Не знаю, кто из нас обнимает первый. Чувствую ее руки на спине и сладкие духи.

— Мне тебя не хватало, — тихо шепчет Марина.

— Я так скучала по вам с Тасей.

Прикрываю глаза. Чувствую легкость и благодарность миру за то, что я не одна.

— Я всегда завидовала твоей семье, — тихо говорит Марина почти мне на ухо. — У тебя теплый, любящий папа. Веселая мама, которая постоянно печет и кормит всех вокруг. Чтобы ни случилось, тебе есть куда прийти за поддержкой.

Она отстраняется. Берет со стола салфетку, чтобы промокнуть глаза.

— Да, все так. Только у любой медали две стороны. Мама любит навязывать свое мнение и требует от меня полного послушания. У нее тысяча правил, которые я обязана соблюдать, — я сажусь на стул и рассматриваю скатерть. — А папа очень много работает: у него командировки, исследования, студенты и частная практика. Иногда мы не видимся с ним неделями.
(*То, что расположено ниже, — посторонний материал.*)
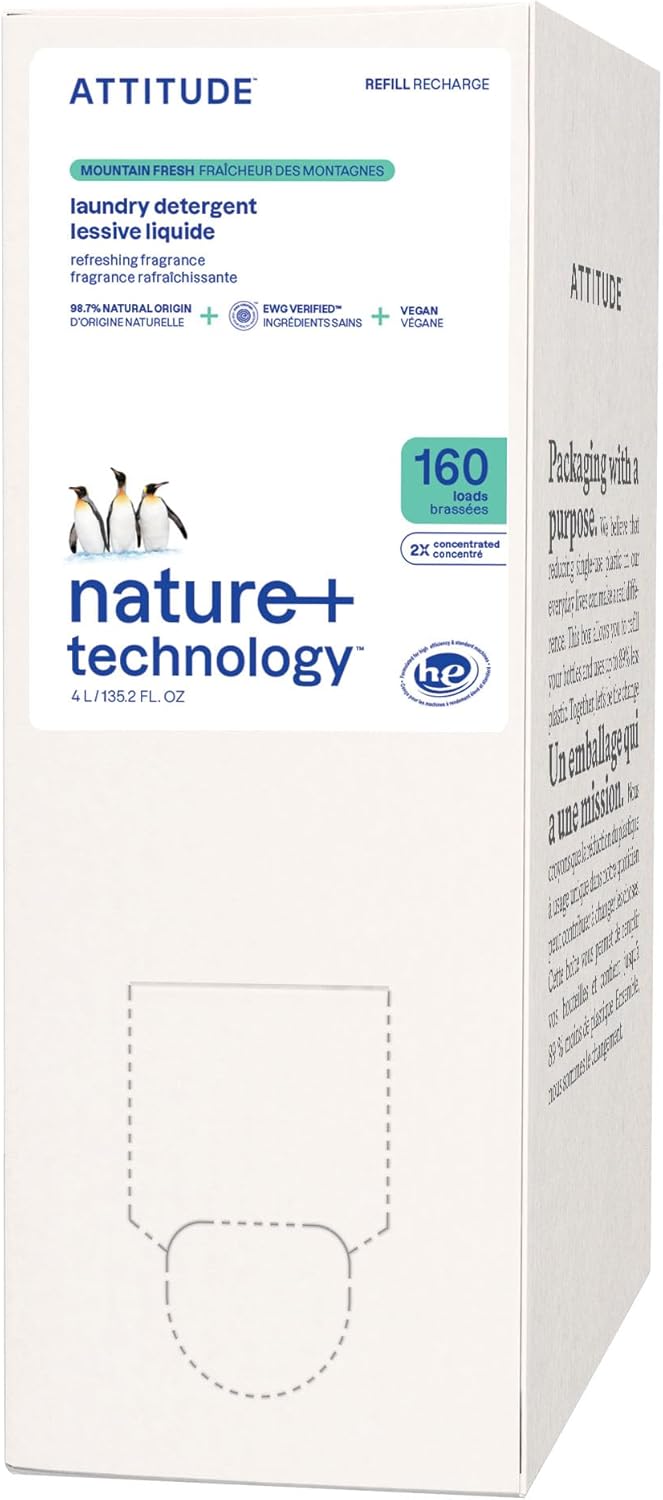 ATTITUDE Liquid Laundry Detergent Refill, EWG Verified, HE Compatible, Plant-Based & Vegan, Natural Laundry Soap, Mountain Fresh Scent, 160 Loads, 135.26 Fl Oz

— Извини, я не знала. Ты просто никогда не жалуешься. Со стороны у тебя всегда все хорошо.

— Я люблю родителей, но идеально ничего не бывает, ты же понимаешь.

Марина кивает.

— У тебя есть я и Тася. И, если мама тебя не любит — это не значит, что ты недостойна любви.

Раньше бы я никогда не сказала такое Марине, но сейчас это ощущается правильным. Марина достойна хорошего отношения просто так, и она должна это знать.

Она снова начинает плакать, а я вместе с ней.

На кухню заходит Тася.

— Курочки, ну, что такое? Что за сырость вы здесь развели?

— Ты что, подслушивала? — спрашивает Марина.

— Обижаешь, — неискренне возмущается Тася. — Давайте лучше выпьем за нас. И сожрем полезные, но, скорее всего, невкусные пирожные.

Загрузка...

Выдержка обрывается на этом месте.